Several Woodside residents, including a veterinarian, recently formed the Committee for Humane Woodside to advocate for ending the pig scramble, arguing that the chaotic chase causes extreme distress to the animals that are set loose from a trailer, forced into an arena, then are converged upon by a large and noisy group of kids racing to capture them. The committee has circulated a petition, signed by hundreds of people, opposing the event, which we agree is inhumane and barbaric.
If one has any doubt about it, last year's scramble is available on video at tinyurl.com/scram16. Watch it, see how these small animals are harassed — terrorized might not be too strong a word — and listen to their loud squeals and screams as they are captured and carried away by their legs.
In a recent newsletter, the Mounted Patrol's captain challenged the claim that the event is cruel and stressful to the piglets, and asked: "Do (the critics) speak pig?"
Well, no one we know speaks "pig," but there are scientific researchers who focus on what pigs are communicating with their range of sounds; those researchers include animal health, behavior and welfare epidemiology specialist Lisa Collins of the University of Lincoln in England. Dr. Collins has done extensive research on the personalities and emotions of pigs, and according to news reports has determined that the sounds they make "convey a wide range of information such as the emotional, motivational and physiological state of the animal. For example, squeals are produced when pigs feel fear, and may be either alerting others to their situation or offering assurance."
Patrol Captain Victor Aenlle also asserts in the newsletter that the effort to end the pig scramble "is an attack on an American tradition and western culture." The argument that this event reflects Western cultural values rings hollow to those of us who grew up on farms where such treatment of animals would never be considered acceptable — even of those animals ultimately destined for the dinner table.

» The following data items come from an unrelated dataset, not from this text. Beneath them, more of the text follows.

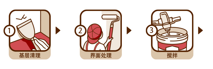 | 基層處理: | 基層須堅(jiān)實(shí)、無(wú)明水、無(wú)浮灰與污物。上道工序留下的溝槽、孔洞等應(yīng)進(jìn)行填實(shí)修整。基層表面疏松或平滑,需用墻錮混凝土界面劑進(jìn)行界面處理或造水泥拉毛。 |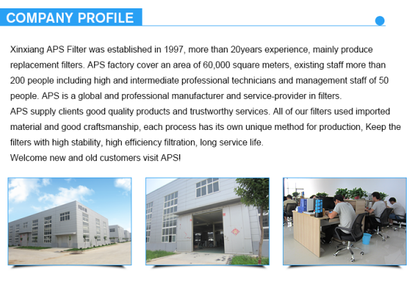 Xinxiang APS Filter Co., Ltd. Was established in 1997, APS have a production construction area of 60, 000 square meters, plus a 1000 square meters working and living area including modern office building, multi-function hall and staff apartment, etc, existing staff more than 200 people including high and intermediate professional technicians and management staff of 50 people. APS Filter Co., Ltd is a global and professional manufacturer and service-provider in compressor filter element and post-treatment equipment with integration of R&D, design, manufacture and marketing.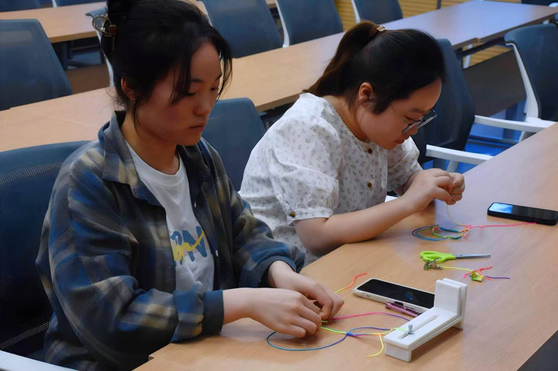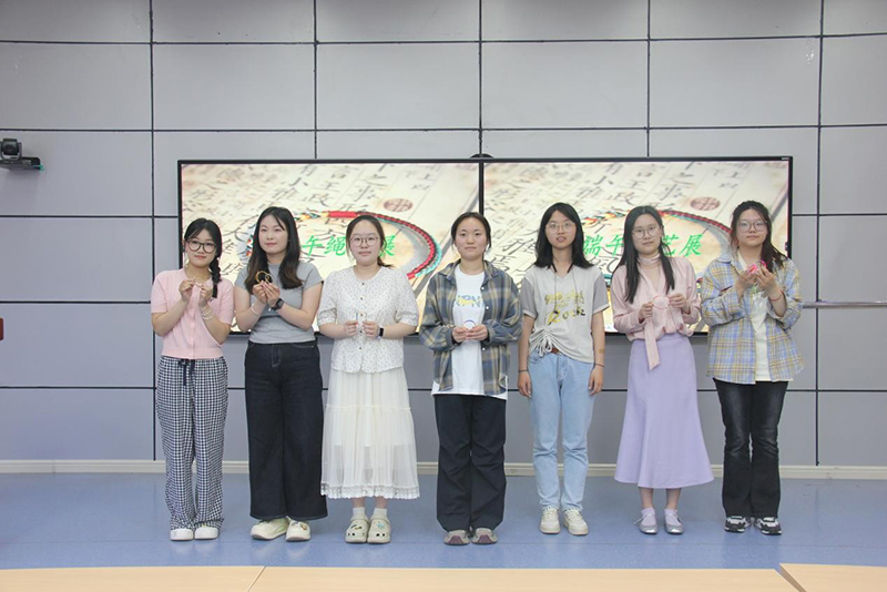 活动伊始,欧阳馨秋聚焦"端午绳艺展"和五彩绳的文化展示,详细解析了五彩绳的五行象征意义、平结和蛇结的编织方法及其作为"长命缕"的文化传承价值。在动手环节,彩绳、丝线等材料琳琅满目,同学们发挥个人创意,将平安结、吉祥结等传统元素融入设计中。大家相互交流编织技巧,分享创作灵感,在协作中体验手工艺术的乐趣。一根根五彩丝线在指尖穿梭,逐渐变成寓意驱邪祈福的端午手绳,既展现了传统工艺的精巧,也体现了同学们的匠心独运。

But it appears the Mounted Patrol has dug in its heels, compelling the committee and others concerned about this annual event to seek other means to end it.
One appeal that must be made is to parents: What are children learning when told it's acceptable to treat another living creature cruelly, as long as they have fun doing so? Pediatric psychiatrist Sujatha Ramakrishna is right on the mark in her letter to the Woodside Town Council, which reads in part: "If (children) are taught that tackling and dragging a squealing pig is 'fun,' they won't understand why pulling a yelping puppy's tail and pummeling a crying boy in gym class are not also 'fun.'"

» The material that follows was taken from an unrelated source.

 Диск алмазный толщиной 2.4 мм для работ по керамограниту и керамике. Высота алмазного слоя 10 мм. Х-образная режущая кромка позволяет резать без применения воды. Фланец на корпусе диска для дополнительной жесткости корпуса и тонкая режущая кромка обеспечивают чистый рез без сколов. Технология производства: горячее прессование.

In the face of the Mounted Patrol's resistance, the committee is appealing to the Town Council, and the council will discuss the matter at a future meeting, probably on March 28, according to Town Manager Kevin Bryant. Although Mr. Bryant has publicly stated that the town could ban the practice, last week he told the Almanac that the legality of a ban isn't clear-cut, and more research must be done.
But first, council members will be asked if they are interested in pursuing a ban, and if the answer is no, the town will drop the question of whether a ban would be legal, and the decision on whether to continue this cruel and harmful event will remain with the Mounted Patrol.
Mahatma Gandhi famously said: "I hold that the more helpless a creature, the more entitled it is to protection by man from the cruelty of man." We hope members of the Town Council take these words to heart and fully explore the town's options in ending the pig scramble. And if the law permits a ban, enact that ban before July 4.